In this tutorial, we’re going to learn how to configure and implement Redis operations using Spring Data’s ReactiveRedisTemplate. 

We’ll go over the basic usages of the ReactiveRedisTemplate like how to store and retrieve objects in Redis. And we’ll take a look at how to execute Redis commands using the ReactiveRedisConnection.
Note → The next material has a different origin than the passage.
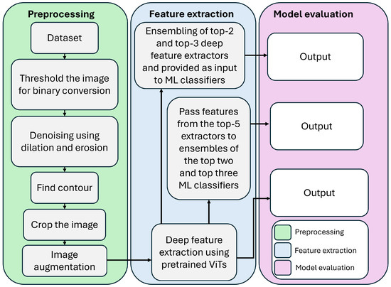 As illustrated in Figure 1, the proposed architecture for brain tumor classification utilizes a multi-faceted approach, integrating DL techniques with ML classifiers to achieve enhanced accuracy and robustness. As illustrated in Figure 2, the process initiates with the meticulous preprocessing of MRIs, a crucial step that encompasses cropping to isolate the region of interest, resizing to standardize the input dimensions for subsequent processing, and augmentation to artificially expand the dataset and improve the model’s generalization capability. These preprocessed images then serve as the input for pre-trained ViTs models, chosen for their powerful feature extraction capabilities, which capitalize on transfer learning to adapt knowledge gained from large-scale image datasets to the specific task of brain tumor classification. The extracted features, representing high-level abstractions of the input images, are then subjected to a rigorous evaluation process using a diverse array of ML classifiers; this allows for a comparative analysis of their performance in distinguishing between normal and abnormal brain tumors.

To cover the basics, check out our Introduction to Spring Data Redis.

2. Setup

To use ReactiveRedisTemplate in our code, first, we need to add the dependency for Spring Boot’s Redis Reactive module:

<dependency>
    <groupId>org.springframework.boot</groupId>
    <artifactId>spring-boot-starter-data-redis-reactive</artifactId>
</dependency>

3. Configuration

Thenwe need to establish a connection with our Redis server. We do not need to add any code for configuration if want to connect to a Redis server at localhost:6379.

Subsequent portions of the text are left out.